Tree-alpha and excluding finitely many graphs

TL;DR

This paper characterizes hereditary graph classes with bounded tree-alpha based on forbidden subgraphs, resolving two conjectures related to graph exclusion and boundedness properties.

Contribution

It proves that such classes are characterized by excluding specific graphs, confirming two conjectures about hereditary graph classes and their bounded tree-alpha.

Findings

Hereditary classes with finitely many forbidden induced subgraphs have bounded tree-alpha iff they are (tw,ω)-bounded.

Such classes exclude a complete bipartite graph, a forest with at most three leaves per component, and the line graph of such a forest.

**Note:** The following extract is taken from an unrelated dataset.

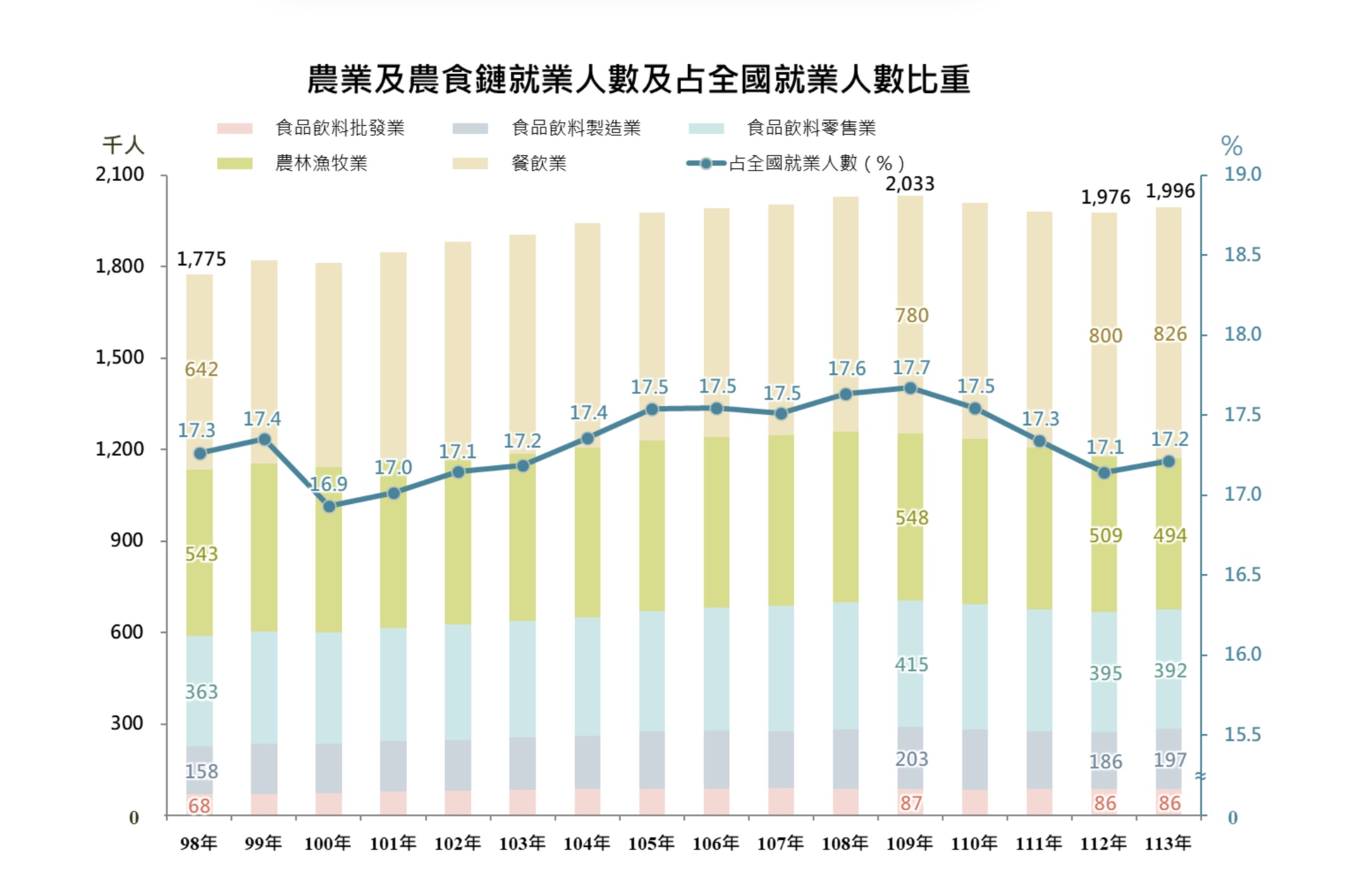 113年我國農業及農食鏈就業人數約200萬人,為3年來高點,占全國就業人數17.2%,平均每6人即有1人從事農業及農食鏈相關工作。按就業別結構觀察,以餐飲業就業人數83萬人占比最大(占全國就業人數7.1%),其次依序為初級農林漁牧業49萬人(4.3%)、食品飲料零售業39萬人(3.4%)、食品飲料製造業20萬人(1.7%)及食品飲料批發業9萬人(0.7%)。

Resolved two conjectures regarding bounded tree-alpha and hereditary graph classes excluding certain subgraphs.

Abstract

We prove that a hereditary graph class $\mathcal{G}$ defined by finitely many excluded induced subgraphs has bounded tree-$\alpha$ if and only if it is "$(\mathrm{tw},\omega)$-bounded" (that is, for all $t\in \mathbb N$, the class of all $K_t$-free graphs in $\mathcal{G}$ has bounded treewidth). Equivalently, $\mathcal{G}$ has bounded tree-$\alpha$ if and only if it excludes a complete bipartite graph, a forest whose components each have at most three leaves, and the line graph of such a forest. This resolves two conjectures of Dallard, Krnc, Kwon, Milani\v{c}, Munaro, \v{S}torgel, and Wiederrecht: the above, and a weaker one that for all $a,b\in \mathbb N$, every hereditary class that excludes $K_{a,a}$ and the $b$-vertex path has bounded tree-$\alpha$. The latter was already open even for $(a,b)\in \{(2,7),(3,5)\}$, and only recently proved for $(a,b)=(2,6)$.